Gender diversity week - a timely reminder

Catherine Harland
Insights Newsletter
16 November, 2012

The first week of November was Gender Diversity Week, which is a sad reminder that no country has yet achieved gender equality.

The Global Gender Gap Report 2012, released in late October, shows New Zealand ranked sixth out of 135 countries, having closed 78% of the gap between men and women. New Zealand, along with 19 other countries, ranked first equal for completely closing the gender gap in educational attainment. Rankings were lower for political empowerment at ninth place and economic participation and opportunity at fifteenth place. Data in the report adds to the mounting body of evidence that gender diversity directly benefits business performance, productivity and economic competitiveness.

Studies in 2007 by McKinsey & Company and Catalyst showed that companies with more women on their boards or in top management positions tended to be more profitable. A recent study by the Credit Suisse Research Institute found that from 2005 to 2011 across 2,400 companies in 46 countries, those with at least one woman on the board outperformed those without women by 26%.

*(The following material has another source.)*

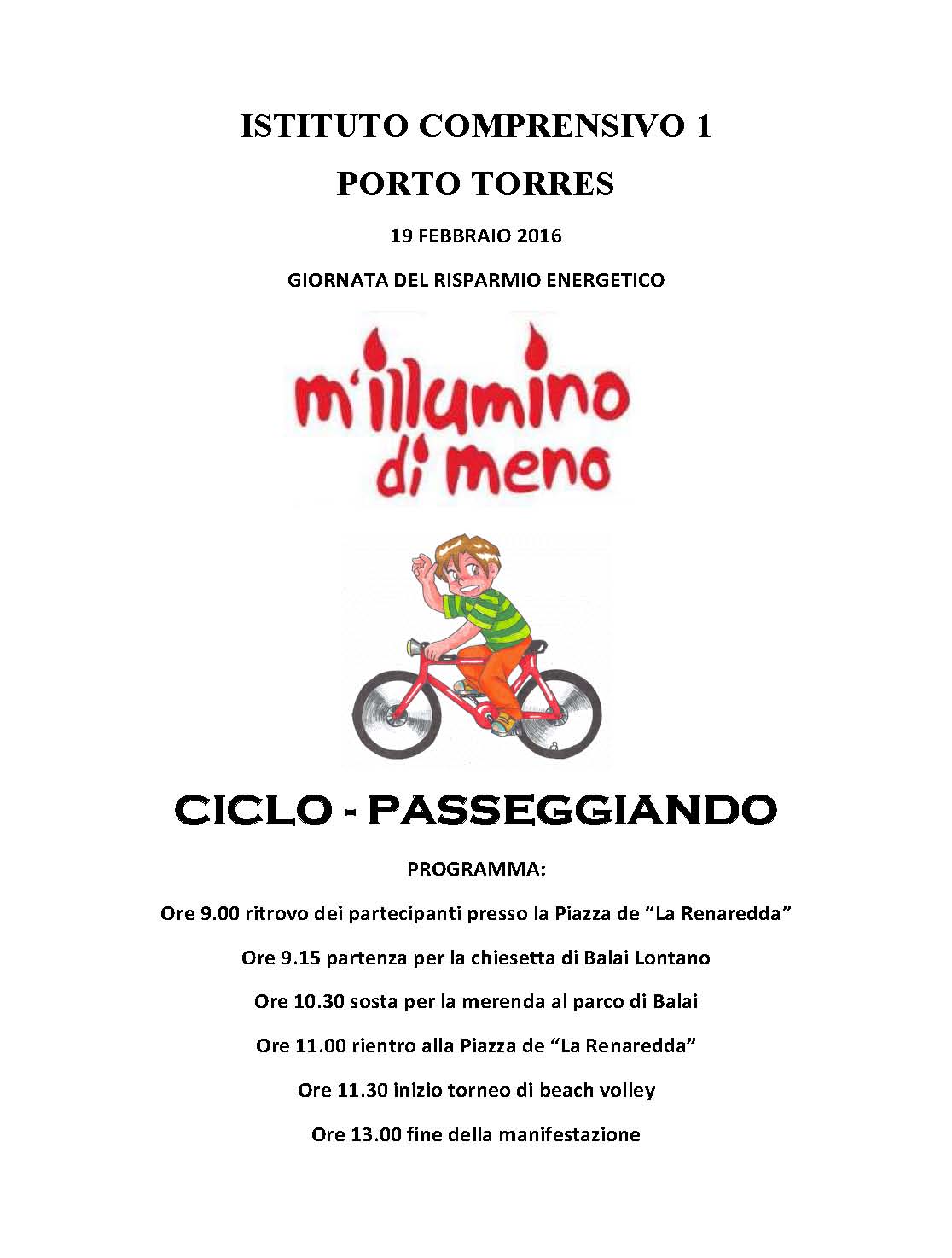 L’Istituto Comprensivo n.1 di Porto Torres organizza la manifestazione “Ciclo - passeggiando” nell’ambito della Giornata del risparmio energetico, "m'illumino di meno".

Last year Goldman Sachs found closing the gap between male and female employment rates would boost New Zealand’s GDP by 10%. The report also identified the lack of women in leadership and on boards as needing urgent attention. Its analysis of 82 of the top 100 NZX-listed companies found only 11% of board positions were held by women; 45% had no women on their boards; and in companies based outside Auckland or Wellington, 63% had no women on their board. While state sector boards and committees boast 41% of women members, they still fall short of the 50% target set in the 1980s.

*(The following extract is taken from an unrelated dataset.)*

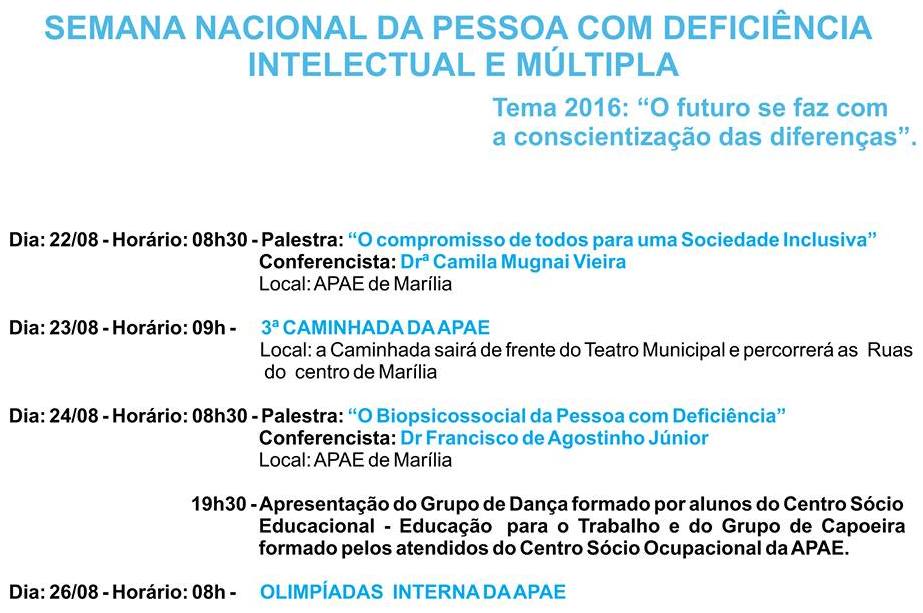 A APAE (Associação de Pais e Amigos dos Excepcionais) de Marília realiza a partir de hoje (22) até o próximo domingo (28), a Semana Nacional da Pessoa com Deficiência Intelectual e Múltipla. Neste ano, também serão realizadas atividades externas para conscientizar a população sobre as diferenças.

Some action for creating pipelines for women into leadership and directorships is underway through the 25 Percent Group, NZX, Global Women, and Women on Boards New Zealand. A handful of New Zealand companies have signed on to the United Nations Women’s Empowerment Principles that are designed to intensify efforts to bring women in at all levels of business.

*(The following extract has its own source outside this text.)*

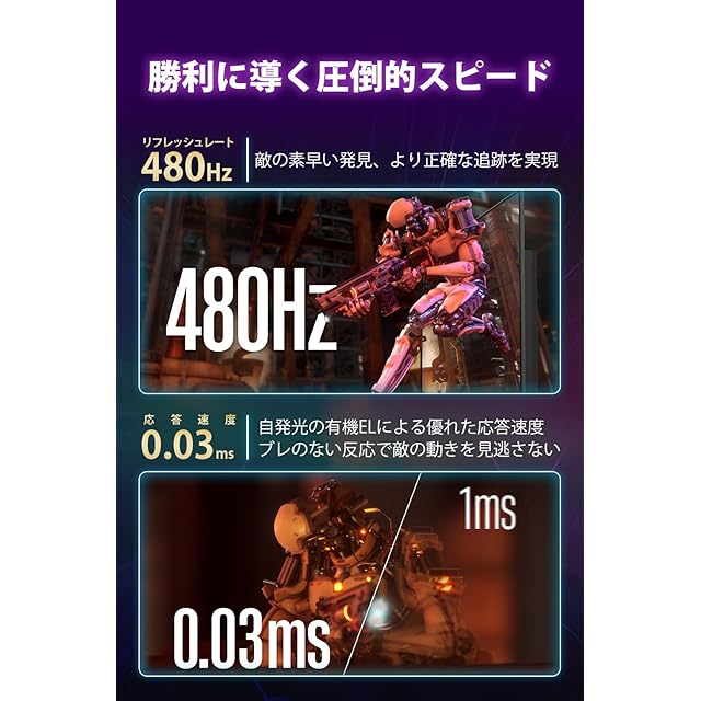 プロeスポーツチームFnaticと共同開発。480Hzのリフレッシュレートで敵の素早い発見と正確な追随が可能。FPSに特化した画質モード搭載で,敵の視認性を高める。

But as the November 2012 McKinsey article, ‘The Global Gender Agenda’, states, “many more committed leaders need to prioritise treating gender diversity like any other strategic business initiative. Leaders need to ask for and talk about the data, establish a culture of sponsorship, and raise awareness of what a gender diverse work environment looks like.” Shifting mind sets and changing behaviour needs champions.